● **What the task asks**
Without changing a word, repeat the data, and include no pictures.

● **Source information**
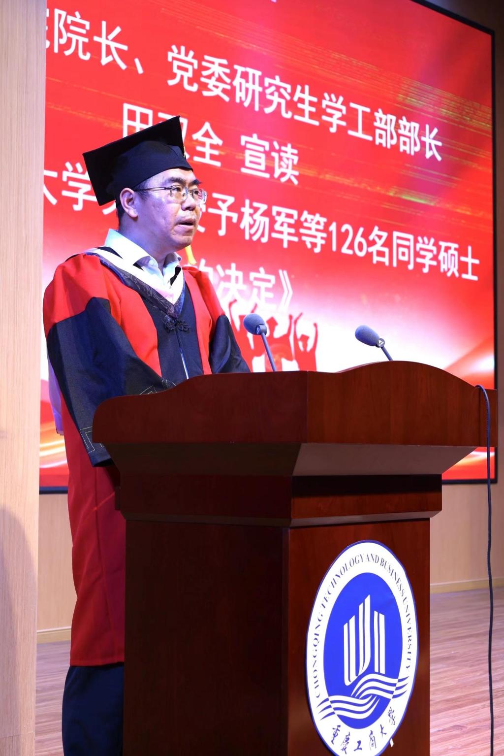2022届毕业典礼在激昂的国歌声中正式拉开了序幕。仪式第一项,2022届MBA毕业生授位仪式环节,研究生院田双全经理宣读了《英国365上市公司关于授予杨军等126名同学硕士学位的决定》。
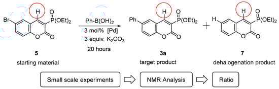 During the preliminary studies, some unexpected problems were faced due to the similar chromatographical behavior of compound 5 and the desired product 3a. This complicated the TLC monitoring of the reaction and the purification of diethyl 6-phenylcoumarin-3-phosphonate 3a. Formation of the dehalogenated coumarin structure 7 was also observed as a side product. Therefore, better reaction conditions needed to be developed for full conversion of 3b where no side reaction could be observed.
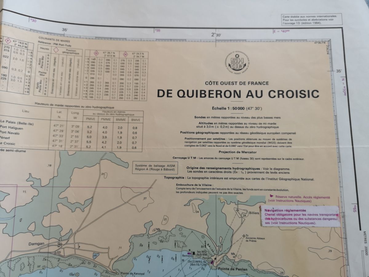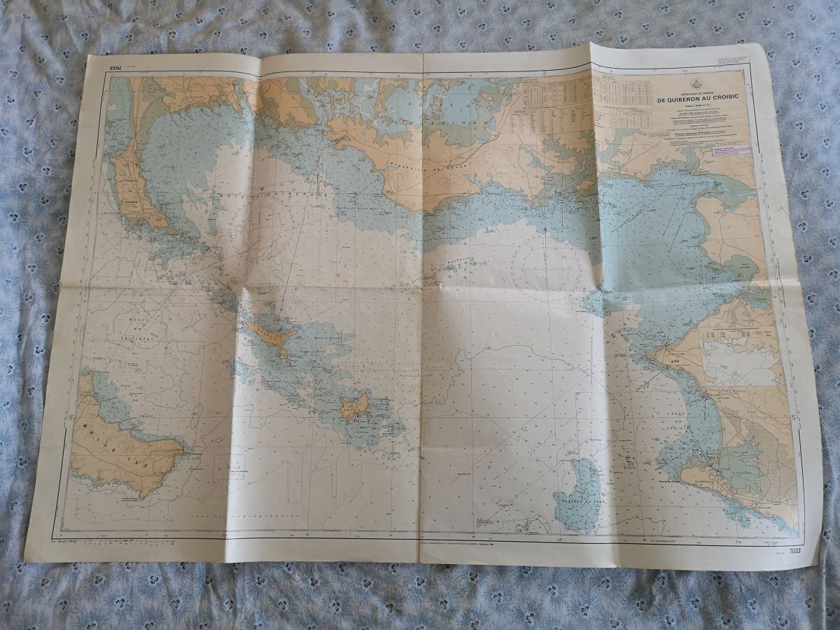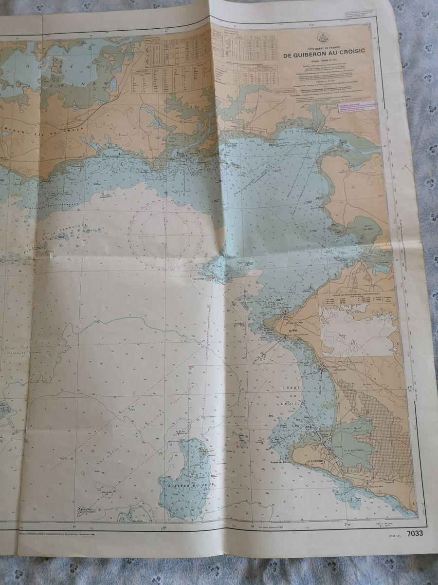 vrai grande carte plan au 1.50.000é. de bretagne de Quiberon au Croisic 1metre, 80 par 88 cm fin cartonnage culeur et en excellent état .
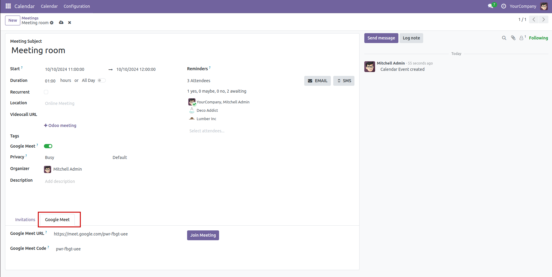 Google Meet Calendar Integration allows to open google meet in odoo.
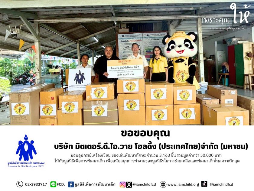 มูลนิธิเพื่อการพัฒนาเด็ก ขอขอบคุณ บริษัทมิตเตอร์.ดี.ไอ.วาย โฮลดิ้ง (ประเทศไทย) จำกัด (มหาชน) มอบอุปกรณ์เครื่องเขียน ของเล่นพัฒนาทักษะ จำนวน 3,163 ชิ้น รวมมูลค่ากว่า 50,000 บาท ให้กับมูลนิธิเพื่อการพัฒนาเด็ก เพื่อสนับสนุนการทำงานของมูลนิธิฯในการช่วยเหลือและพัฒนาเด็กในสภาวะวิกฤต
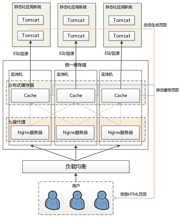 统一缓存层支持ESI或CSI方式获取动态内容;
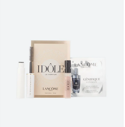 Receive deluxe samples of Idôle Le Parfum (0.04 oz.), Génifique Ultimate Recovery Serum (0.03 oz.) and Cils Booster XL Enhancing Lash & Mascara Primer (0.07 oz.) with your $125 Lancome purchase.
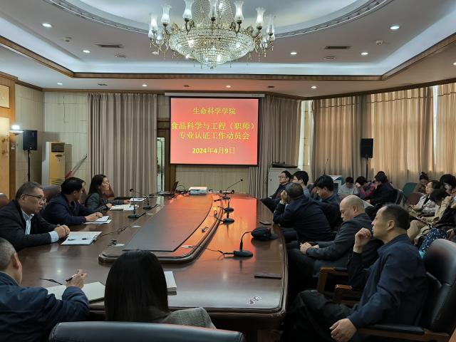 2024年4月9日,生命科学学院在枫林校区图书馆迎宾召开食品科学与工程(职师)专业认证工作动员会,会议由学院分管教学副院长袁美兰主持,学院全体教职工参会。
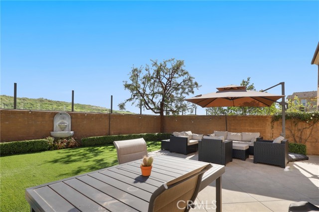Situated on a highly desirable corner lot with no neighbors behind, this exceptional home offers rare privacy and serene hillside views in the sought-after Aria neighborhood of Esencia, Rancho Mission Viejo. This beautifully upgraded 3-bedroom, 2.5-bath residence blends modern design with comfortable California living. Light pours into the open-concept floor plan, highlighting hardwood flooring, custom built-ins, a designer fireplace, plantation shutters, recessed lighting, ceiling fans, and energy-efficient smart home features throughout. The stunning kitchen is truly the heart of the home, featuring a large center island, quartz countertops, detailed custom backsplash, gas range, and stainless-steel appliances — ideal for everyday living and effortless entertaining. Step outside to one of the larger backyards in Aria — thoughtfully landscaped with low maintenance turf, ambiance lighting and designed for gatherings, relaxation, and enjoying the peaceful backdrop. With no one directly behind you, the space feels private and open, creating the perfect indoor-outdoor lifestyle Southern California is known for. Upstairs, the spacious primary suite captures beautiful natural light through picture windows and includes a custom barn door, built-in workstation, and a spa-inspired bath with dual sinks and quartz countertops. Two additional generously sized bedrooms share an upgraded Jack-and-Jill bathroom. The upstairs laundry room is both stylish and functional with designer tile flooring, abundant storage, and a built-in sink. Living in Esencia means embracing the award-winning Rancho Mission Viejo lifestyle — a vibrant master-planned community known for its unmatched amenities and community spirit. Residents enjoy resort-style pools with lifeguards, adult pool bars, a neighborhood coffee shop, fitness centers, racquet courts, community farms, scenic hiking and biking trails, South Paw Dog Park, and the expansive 30-acre Esencia Sports Park. Year-round events and neighborhood gatherings create a true sense of connection and belonging. Ideally located just minutes from shopping, dining, entertainment, Ortega Highway, and the 241 Toll Road — and a short drive to the beautiful beaches of Dana Point and San Clemente — this home offers the perfect balance of privacy, convenience, and resort-style living. This is more than a home — it’s a lifestyle.

● **Reply to the exercise**
2022届毕业典礼在激昂的国歌声中正式拉开了序幕。仪式第一项,2022届MBA毕业生授位仪式环节,研究生院田双全经理宣读了《英国365上市公司关于授予杨军等126名同学硕士学位的决定》。
 During the preliminary studies, some unexpected problems were faced due to the similar chromatographical behavior of compound 5 and the desired product 3a. This complicated the TLC monitoring of the reaction and the purification of diethyl 6-phenylcoumarin-3-phosphonate 3a. Formation of the dehalogenated coumarin structure 7 was also observed as a side product. Therefore, better reaction conditions needed to be developed for full conversion of 3b where no side reaction could be observed.
 vrai grande carte plan au 1.50.000é. de bretagne de Quiberon au Croisic 1metre, 80 par 88 cm fin cartonnage culeur et en excellent état .
 Google Meet Calendar Integration allows to open google meet in odoo.
 มูลนิธิเพื่อการพัฒนาเด็ก ขอขอบคุณ บริษัทมิตเตอร์.ดี.ไอ.วาย โฮลดิ้ง (ประเทศไทย) จำกัด (มหาชน) มอบอุปกรณ์เครื่องเขียน ของเล่นพัฒนาทักษะ จำนวน 3,163 ชิ้น รวมมูลค่ากว่า 50,000 บาท ให้กับมูลนิธิเพื่อการพัฒนาเด็ก เพื่อสนับสนุนการทำงานของมูลนิธิฯในการช่วยเหลือและพัฒนาเด็กในสภาวะวิกฤต
 统一缓存层支持ESI或CSI方式获取动态内容;
 Receive deluxe samples of Idôle Le Parfum (0.04 oz.), Génifique Ultimate Recovery Serum (0.03 oz.) and Cils Booster XL Enhancing Lash & Mascara Primer (0.07 oz.) with your $125 Lancome purchase.
 2024年4月9日,生命科学学院在枫林校区图书馆迎宾召开食品科学与工程(职师)专业认证工作动员会,会议由学院分管教学副院长袁美兰主持,学院全体教职工参会。
Situated on a highly desirable corner lot with no neighbors behind, this exceptional home offers rare privacy and serene hillside views in the sought-after Aria neighborhood of Esencia, Rancho Mission Viejo. This beautifully upgraded 3-bedroom, 2.5-bath residence blends modern design with comfortable California living. Light pours into the open-concept floor plan, highlighting hardwood flooring, custom built-ins, a designer fireplace, plantation shutters, recessed lighting, ceiling fans, and energy-efficient smart home features throughout. The stunning kitchen is truly the heart of the home, featuring a large center island, quartz countertops, detailed custom backsplash, gas range, and stainless-steel appliances — ideal for everyday living and effortless entertaining. Step outside to one of the larger backyards in Aria — thoughtfully landscaped with low maintenance turf, ambiance lighting and designed for gatherings, relaxation, and enjoying the peaceful backdrop. With no one directly behind you, the space feels private and open, creating the perfect indoor-outdoor lifestyle Southern California is known for. Upstairs, the spacious primary suite captures beautiful natural light through picture windows and includes a custom barn door, built-in workstation, and a spa-inspired bath with dual sinks and quartz countertops. Two additional generously sized bedrooms share an upgraded Jack-and-Jill bathroom. The upstairs laundry room is both stylish and functional with designer tile flooring, abundant storage, and a built-in sink. Living in Esencia means embracing the award-winning Rancho Mission Viejo lifestyle — a vibrant master-planned community known for its unmatched amenities and community spirit. Residents enjoy resort-style pools with lifeguards, adult pool bars, a neighborhood coffee shop, fitness centers, racquet courts, community farms, scenic hiking and biking trails, South Paw Dog Park, and the expansive 30-acre Esencia Sports Park. Year-round events and neighborhood gatherings create a true sense of connection and belonging. Ideally located just minutes from shopping, dining, entertainment, Ortega Highway, and the 241 Toll Road — and a short drive to the beautiful beaches of Dana Point and San Clemente — this home offers the perfect balance of privacy, convenience, and resort-style living. This is more than a home — it’s a lifestyle.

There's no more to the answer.